Apple Is Going Widget-Crazy
Apple
Easy-to-access controls and informational widgets have been a core component of smartphones for years, but recent updates to the iPhone and iPad have complicated the situation. It’s time for Apple to re-think widgets.
The iPhone, iPad, and Mac all have a long history with widgets. Dashboard, a customizable screen with widgets created by Apple and third-party developers, arrived on the Mac with the release of Mac OS X 10.4 Tiger in 2005. Some of Apple’s Mac widgets became a few of the built-in apps on the original iPhone, like Stocks and Weather.
Eventually, Apple reworked how it handles widgets and status indicators on all its devices. Mac widgets moved to the Notification Center, then Apple added the option to place them right on the desktop with the release macOS Sonoma. The iPhone and iPad received a ‘Today View’ with widget-like information panels, which became full-blown widgets with iOS 14 that could also be placed on the home screen. Apple also introduced a new type of lock screen widgets in iOS 16.
Widgets, Widgets Everywhere
The iPhone and iPad now have standard widgets that can be placed anywhere on your home screen or Today View (the screen visible by swiping to the right from the first home screen).

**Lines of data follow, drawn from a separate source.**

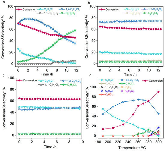 The product selectivity X (x = C2H4, C2H5Cl, C2H3Cl, 1,2-C2H4Cl2, 1,1-C2H4Cl2, and 1,1,2-C2H3Cl3 selectivity) was calculated according to the following equation,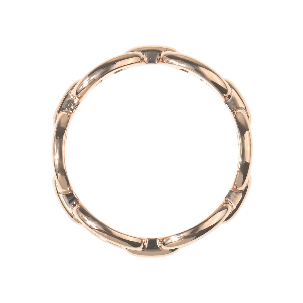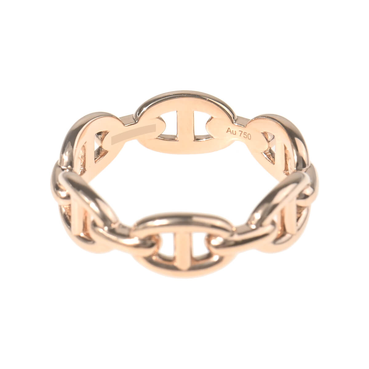 1938年にエルメス家の一員であり当時のエルメスの社長であったロベール・デュマ=エルメスが、ふと船の錨のチェーンに目を留め、そのシルエットに惹かれ、そのチェーンを元にデザインしたブレスレットを作ったことにはじまった「シェーヌ・ダンクル」コレクション。インスピレーションの源であった“錨の鎖(Chaine d’ancre)”をそのままモデル名に冠したこのコレクションは、鎖で強く結ばれた絆を象徴しているそう。最初のブレスレット誕生後も艶出しにしたり、丸い粒状にしたり、ひねったりと、コマの形や大きさを変え、ネックレスやリング、ピアス、ブレスレットとつぎつぎに新しい姿を見せ、メゾンを代表するコレクションのひとつとなった「シェーヌ・ダンクル」。その中でも定番人気モデル「シェーヌ・ダンクル・アンシェネ」の、ピンクゴールド製リングです。1周連なる「シェーヌ・ダンクル」のオブジェが指先を飾りスタイリングをお洒落に引き立てる、一流メゾンのトレンドジュエリーです。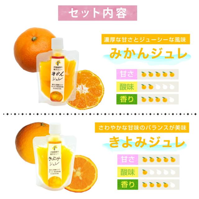 伊藤農園の100%ピュアジュースをベースに安心、安全な美味しいゼリーが出来上がりました。4種の柑橘からお選びください。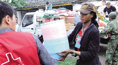红十字国际委员会经济安全代表杜杉(右)在绵竹市孝德镇年画村挑选年画。 新华社发

There are some built-in widgets from Apple, and apps installed on your device can provide additional widgets. For example, Apple’s Calendar app has a widget to show upcoming events, and the Weather app has widgets to show temperature and forecast data. Some of them can be resized, too. Widgets on Android phones and tablets work in much the same way.
There are also lock screen widgets, which are still called widgets, but are not the same as the regular widgets. They are smaller and can’t display as much information. Some apps might have regular widgets but not lock screen widgets, some have widgets for both locations but with different options, and some apps don’t offer widgets for either screen.

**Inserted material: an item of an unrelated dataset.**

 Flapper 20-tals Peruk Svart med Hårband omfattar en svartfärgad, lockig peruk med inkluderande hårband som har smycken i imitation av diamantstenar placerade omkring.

There’s also Live Activities, which are persistent notifications provided by some apps, intended for status updates like sports scores or live delivery tracking. They appear on the Lock Screen, StandBy mode on iPhone, and on top of the ‘Dynamic Island’ screen cutout on some iPhone models.
Even though there is some functional overlap with widgets, they aren’t called widgets, and they can show up on your lock screen along with your actual lock screen widgets. Totally not confusing.
We’re not done yet! The iOS 18 update turned the Control Center into a customizable panel of buttons, menus, and switches. The controls can be added, removed, resized, and reorganized into different scrollable pages. Installed apps can add more controls to the available list. That sounds like widgets, and there is some functional overlap with widgets and Live Activities, but they are not the same thing.
iPhones and iPads now have several different overlapping widget-like functions, and it just makes the entire experience more confusing. The toggle for the flashlight is only in the Control Center, but after it’s on, it also becomes a Live Activity, but also it can’t be placed on the home screen as a regular widget. The ‘Batteries’ widget with battery level information for all my devices can go on the home screen or lock screen, but not the Control Center. There’s a control in the Control Center for creating a new note, but there’s no regular widget or lock screen widget equivalent.
It seems like the Control Center is intended explicitly for buttons and menus, while widgets on both the home and lock screens are more for display information, but many widgets are also buttons. There’s no clear distinction between each interface. Regular widgets, lock screen widgets, Control Center controls, and Live Activities all must be designed and supported separately by apps. Even if a widget or control makes sense in all those places, not all app developers are willing to implement each type of interface.
The situation on macOS is about as complicated, but for other reasons. There are widgets on Mac, which can all go in the Notification Center or on the desktop, but the top menu bar is also used as a location for status ongoing status indicators (just like the taskbar on Windows). However, customizing the location and hiding behavior of each menu bar item is difficult, unless you use third-party apps like Ice or Barbee.
Fixing the Mess
There are a few ways Apple could simplify its mess of widgets and widget-like controls. One option is to allow regular widgets to be placed in the Control Center, in addition to the existing home screen and Today View locations. Ideally, all the controls in the Control Center could also be placed on the home screen and Today View.
If someone wants their Duolingo streak in their Control Center, why not? Apple probably won’t go for that, because the visual design of widgets and controls are different, but it would be the most flexible and customizable option.
Honestly, old Android versions (specifically around Android 4.0) still seem like the gold standard for these overlapping features. You could place widgets anywhere on the home screen, and some devices and third-party apps could add them to the lock screen. The notification panel was just for notifications—the giant clock and optional widgets in Apple’s current implementation takes up space. Tapping one button switched to the quick settings panel with customizable buttons in a grid layout. You could also tell without tapping anything if you had any pending notifications, which Apple doesn’t let you do on iPhone.
I don’t expect Apple to copy Google’s decade-old Android interface design, even if it is better than what exists right now. I do think Apple’s main options here are removing the distinctions that don’t matter between different widget and control types, or making more clearly-defined boundaries.
No matter how it happens, Apple should really solve its widget problem, instead of adding more things that are like widgets.